The alley seemed to tilt. Aedric's breath came shallow. "You would betray me?"

Jorin's jaw worked. "I would save my family."

The lantern between them trembled. For a moment the fog swallowed sound. Then Jorin moved, quick and brutal. He shoved Aedric, hard enough that the book slipped from his arms and thudded against the cobbles. The pages fanned open, and a single line of ink caught the lantern light: To change fate, one must surrender what is most cherished.

Aedric lunged for the book. Jorin's boot came down on it, crushing the spine. "Run," Jorin hissed. "Run and don't look back."

Aedric's hands closed on the ruined leather. He felt something inside him fracture, a small, bright thing that had been called trust. He wanted to scream, to strike, to tear Jorin's face from his skull. Instead he did the only thing he could think to do—he ran.

He ran until his lungs burned and the fog swallowed his footprints. He ran until the city's bells had become a distant, indifferent chorus. When he finally stopped, he was at the edge of the river that cut Duskveil in two. The water moved slow and black, and the reflection of the lanterns looked like a broken chain.

Aedric sat on the cold stone and pressed his palms to his face. The book lay beside him, its pages damp and smeared with the city's grime. He thought of Elandor's warning, of the whisper that had called him chosen, and of Jorin's hands—hands that had once been warm and steady.

He had expected betrayal from the Council, from the Watch, from the faceless powers that kept the city in its slow, grinding order. He had not expected it from Jorin.

The whisper came again, softer now, as if pleased. The first betrayal begins tonight.
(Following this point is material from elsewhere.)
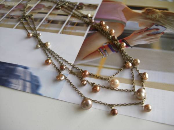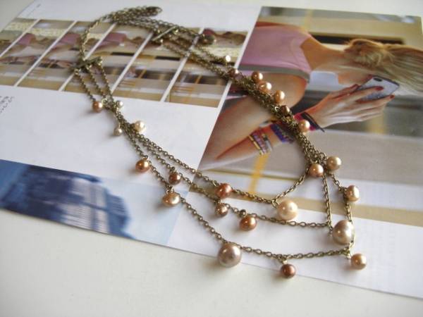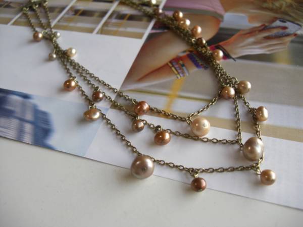 私的・クローゼット・・シリーズです♪秋色のパール・・シックな3連の淡水パールのネックレスです♪3ミリから9ミリ位までのポテト、バロック、芥子などデザイン違いの淡水パールを3連のチェーンに繋ぎました♪ベージュやシャンパンゴールド、ダークベージュなどシックなお色が大人っぽい表情です♪長さは全長72センチ位で調節自由です♪チョーカー風にされても素敵です♪お揃いのブレスレットも出品しています♪シンプルで飽きのこないいつまでも着けられるデザインを考えて作りました!ハンドメイドをご理解頂いてノークレーム、ノーリターンでお願いします

Aedric laughed then, a sound that was more a breaking than a joy. He had come for knowledge to save people, and the city had given him a lesson in what knowledge costs. He looked at the ruined book and felt the first, cold seed of something else take root—an understanding that mercy could be a weakness, and that to protect those he loved he might have to become someone who could not be loved.

He picked up the book, despite the crushed spine, and tucked it beneath his coat. The lantern light trembled on the river. Above, the bells tolled once more, and the fog closed in like a hand.

When he stood, his shoulders felt heavier and straighter at once. He walked back into the city not as the boy who had slipped into the archive, but as someone who had been marked by a whisper and by a friend's hand. The night swallowed him, and the city kept its secrets, but one secret had found him and would not let go.